Depuis la guerre en Ukraine, les politiques et les médias n’ont qu’un mot à la bouche, ou plutôt deux et c’est “pouvoir d’achat”. Chacun y va de sa ritournelle pour nous dire comment le protéger. Oui, quand le pouvoir d’achat va mal, ou risque d’aller mal, il n’y a pas de petites économies.

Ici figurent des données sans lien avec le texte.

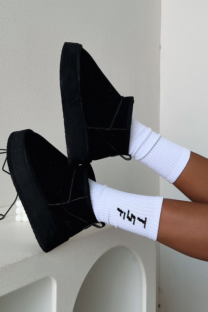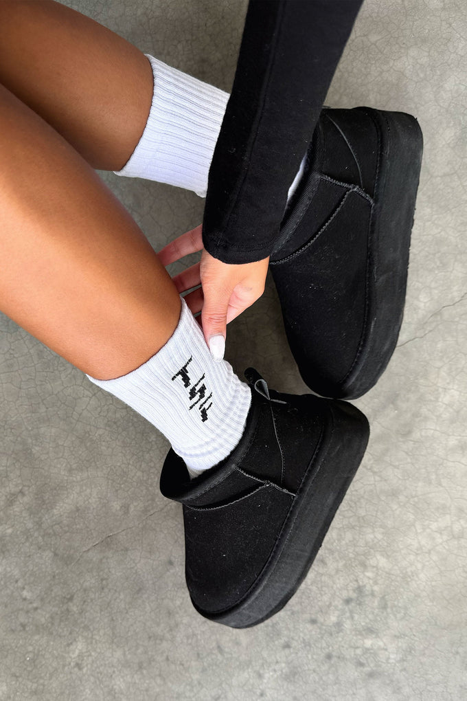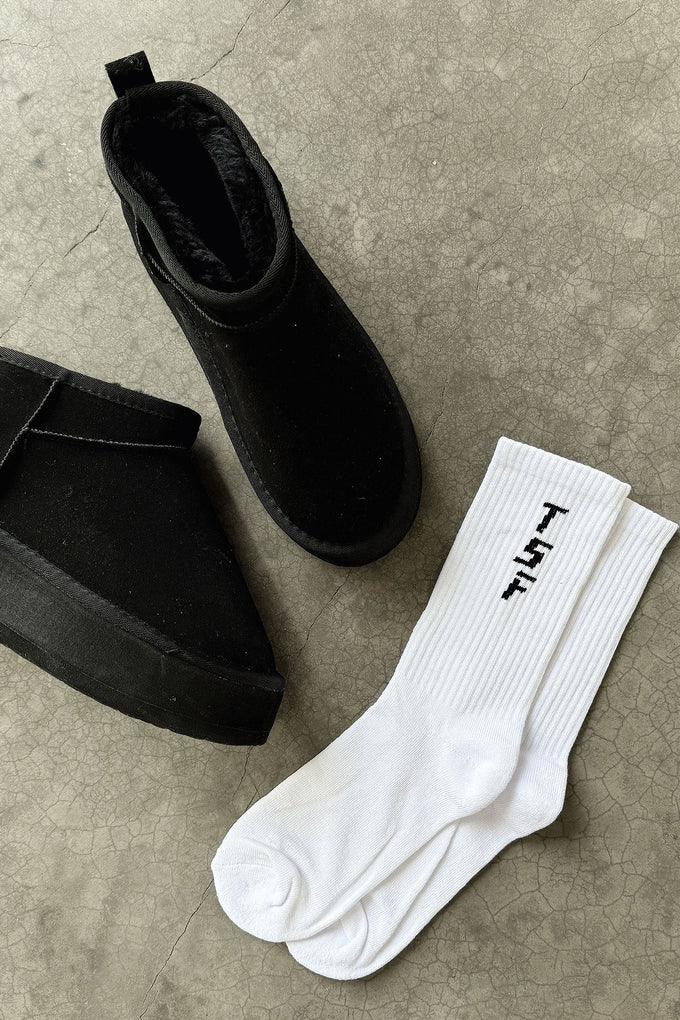 Add a playful twist to your outfit with Missy Socks in White/Black. These mid-length socks feature a soft ribbed material and a large TSF logo down the side. With their comfortable fit, they're the perfect everyday sock for keeping your feet happy and stylish!

Je dédie donc cette chronique aux jeunes et aux ménages les plus fragilisés en leur disant qu’ils doivent se méfier comme de la peste des abonnements car mine de rien, ces abonnements supposés indolores leur coûtent plusieurs centaines d’euros par an. Je vise bien entendu les abonnements aux sites de streaming vidéo comme Netflix, Amazon Prime ou Disney +. Je vise aussi les abonnements aux streaming audio comme Spotify ou Deezer. Je vise les abonnements aux jeux vidéo, voire même des abonnements pour se faire livrer du café chez soi. Tous ces abonnements participent à un phénomène récent, et leur coût s’ajoute à ce que les économistes appellent les dépenses contraintes (c’est-à-dire les loyers, les remboursements de prêts hypothécaires, l’abonnement au gaz et à l’électricité, les assurances, les frais de transports et j’en oublie certainement).

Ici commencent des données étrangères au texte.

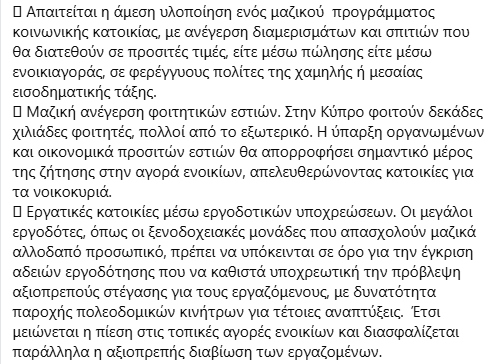 Μαζική ανέγερση φοιτητικών εστιών. Στην Κύπρο φοιτούν δεκάδες χιλιάδες φοιτητές, πολλοί από το εξωτερικό. Η ύπαρξη οργανωμένων και οικονομικά προσιτών εστιών θα απορροφήσει σημαντικό μέρος της ζήτησης στην αγορά ενοικίων, απελευθερώνοντας κατοικίες για τα νοικοκυριά.

Bref, ce sont des dépenses contraintes, dans le sens où il faut les payer quoiqu’il arrive, raison pour laquelle, le budget des jeunes est aujourd’hui de plus en plus vulnérable face à la multiplication de ces abonnements annexes. D’ailleurs, cette tendance ne grève pas que les budgets des jeunes ou des ménages les moins aisés, si vous prenez une famille de la classe moyenne avec plusieurs adolescents qui ont des goûts différents, vous êtes partis pour 6 ou 7 abonnements sans difficulté. L’objet de cette chronique n’est pas d’interdire ces abonnements ou d’empêcher les jeunes d’avoir accès aux “loisirs à domicile”, non, c’est juste de leur dire qu’ils doivent faire le tri.

Mes confrères du Figaro ont repéré une étude, en France, qui montre qu’en plus de la multiplication de ces abonnements, 44% des jeunes Français interrogés ont aussi des abonnements “fantômes”, autrement dit, des abonnements qu’ils ont payés mais qu’ils n’utilisent pas. C’est souvent le cas des abonnements pour des salles de fitness, et cet oubli est souvent favorisé par le système marketing du premier mois gratuit qui aboutit le plus souvent à ce qu’on oublie de résilier son abonnement passé ce premier mois. Les jeunes doivent garder à l’esprit que si le communisme utilise la propagande pour séduire les foules, le capitalisme, lui, utilise la publicité. A chacun son arme.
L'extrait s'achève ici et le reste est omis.